Washington threatens to overcharge French products up to 100%

The US government on Monday (December 2nd) threatened to impose additional tariffs of up to 100% on the equivalent of $ 2.4 billion (about 2.15 billion euros ) French products in response to the introduction in France of a tax on the digital giants of the United States.

This announcement – made on the eve of a meeting between US President Donald Trump and his French counterpart, Emmanuel Macron – comes after an investigation opened in July by the US Trade Representative (USTR) concluding that this French GAFA legislation (Google, Apple, Facebook and Amazon) is damaging to US companies.

Among the products that could be surcharged are many cheeses including Roquefort, yogurt, sparkling wine as well as cosmetics such as soap and makeup or handbags. For now, the Trump administration seems to be sparing the traditional wine, one of the most iconic tricolor export products, already already under US retaliation in another commercial dispute over European subsidies to Airbus.

The USTR estimates, in its conclusions, that the French tax, adopted last July, is not "Not in line with international tax policy principles and an abnormal burden for affected US companies".

Read also French digital tax "discriminatory" according to Google, Facebook, Amazon

Investigation possible also against Austria, Italy and Turkey

The proposal, which is yet to receive the approval of Mr Trump, risks intensifying friction with the European Union. Tuesday, the French Minister of the Economy, Bruno Le Maire, qualified "Unacceptable" American threats. "This is not the behavior expected of the United States vis-à-vis one of its main allies, France, and generally Europe"said Le Maire on Radio Classique. Monday, well before the announcement of this proposal, the minister had already warned that France would not give up " never " its tax on GAFA and reproached the United States for wanting a large international agreement on digital taxation.

As is customary, the imposition of such punitive tariffs will be preceded by a period of public consultations to consider any requests for exemption. The implementation of such a threat will not be able to intervene before mid-January, according to the calendar unveiled by the USTR.

"The USTR report sends a clear signal to France and warns other countries that are finalizing similar measures that discriminatory taxes will not be tolerated"responded Matt Schruers, Executive Director of the Federation of Computer and Communications Industry (CCIA), in a statement.
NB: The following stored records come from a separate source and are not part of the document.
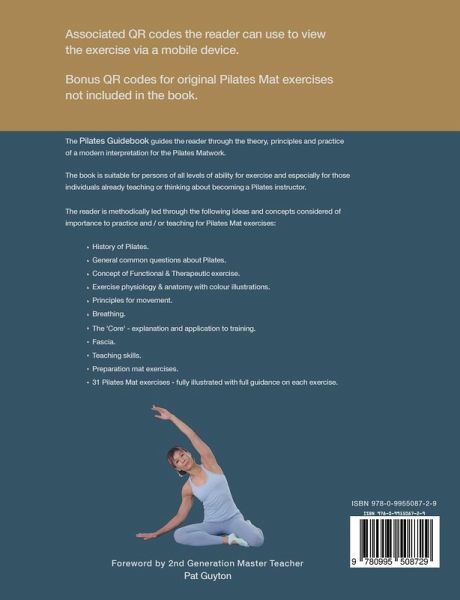 Pilates Mat Exercise handbook for teachers & enthusiasts. Contains QR codes for viewing on a mobile device The Pilates Guidebook takes the reader through the theory, principles and practice of a modern interpretation for the Pilates Matwork The book is suitable for persons of all levels of ability for exercise and especially for those persons already teaching or thinking about becoming a Pilates instructor The reader is methodically led through the following ideas and concepts considered of importance to practice and / or teach Pilates Mat exercises. History of Pilates 'Functional & Therapeutic' exercise Exercsie physiology & anatomy relavent to exercise Principles for movement Breathing The 'Core' - explanation and relevance to training Fascia Teaching skills Preparation mat exercises Fully illustrated exercises with QR codes to view the exercises on a mobile device
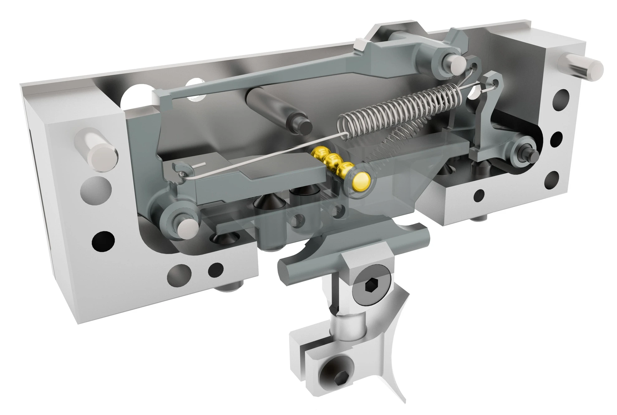Der patentierte Abzug 5065 4K besticht durch seine noch nie dagewesene extrem kurze Auslösezeit. Die Axialkugellagerung (4K = 4 Kugeln, gelb markiert) des Abzughebels garantiert eine absolut spielfreie Lagerung des Abzugzüngels. Der hierdurch erreichte harmonische und gleichmässig laufende Vorzugsweg lässt keine Wünsche offen. Der sehr klare Kontrast beim Erreichen des Druckpunktes, gibt dem Schützen einen sehr präzisen Kontakt zum Schuss.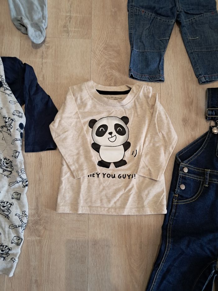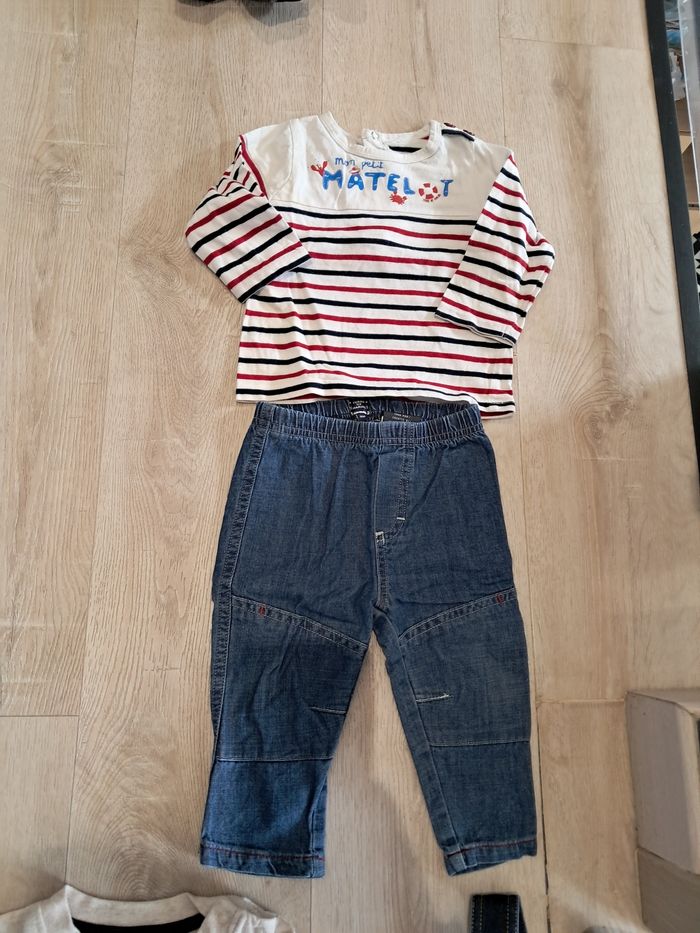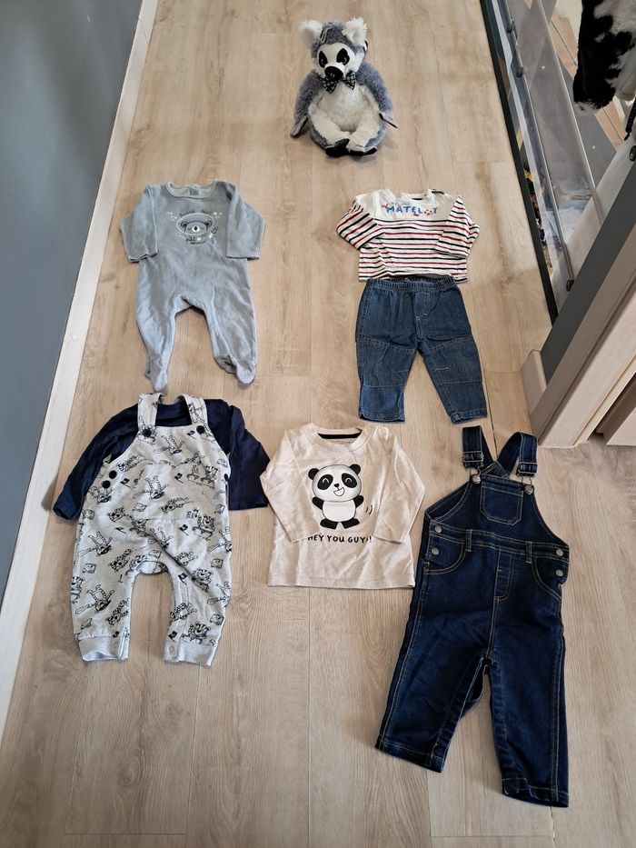 1 salopette + t shirt manche longue dopo dopo avec tigre pirate qui s'ouvre à l'entrejambe neuve 6/9 mois taille comme 9 mois neuve passée 1x à la machine bleu et gris 74cm 1 salopette en jean kiabi neuve passée 1x à la machine. S'ouvre à l'entrejambe egalement 1 t shirt manches longues panda 6-9mois 74cm taille comme un 9 mois neuf passé 1x à la machine 1 ensemble terre de marin porté 2x tbe 1 pyjama koala pat&ripeton porté 2x Maison non fumeur, premiere main, pas d'animaux Je vends un lot 12 mois eté D'autres vetements sur #laul57babyboy9mois #laul57babyboy12mois

He was referring to the fact that the Trump administration is also planning to open an investigation against Austria, Italy and Turkey to determine whether their taxes are threatening US companies.

The French GAFA tax imposes these digital giants to the tune of 3% of the turnover achieved in France, especially on targeted advertising online, the sale of data for advertising purposes and the linking of Internet users by the platforms. This solution is intended to be only temporary pending the outcome of international negotiations.

Article reserved for our subscribers Read also OECD unveils contours of "GAFA tax"

Major issue

The G20 finance ministers, meeting in Washington on October 18, paved the way for crucial and complex negotiations within the Organization for Economic Co-operation and Development (OECD) on this issue, with the goal of achieving a global agreement by June.

The taxation of digital giants and multinationals is a major challenge to adapt global taxation to the digitization of the economy of recent decades, so that states can collect taxes, even if the groups are not physically present on their territory.

This summer, after the definitive adoption of the tax in France, Donald Trump had himself stepped up to the plate on this issue and had let out his anger. He had then denounced "Stupidity" President Emmanuel Macron and threatened to retaliate French wine.

Article reserved for our subscribers Read also Trump Administration Responds to French "GAFA Tax"

As early as this summer, Paris had committed to abandon its tax, which comes into effect this year, as soon as an international solution has been found under the auspices of the OECD. "After calling for an international solution at the OECD, (Washington) is not sure of wanting it », lamented Monday Bruno Le Maire.

For his part, Frenchman Thierry Breton, the new European Commissioner for the Single Market and Digital, has gone further and suggested that US Treasury Secretary Steven Mnuchin could announce the withdrawal of the United States from the negotiations of the United States. OECD.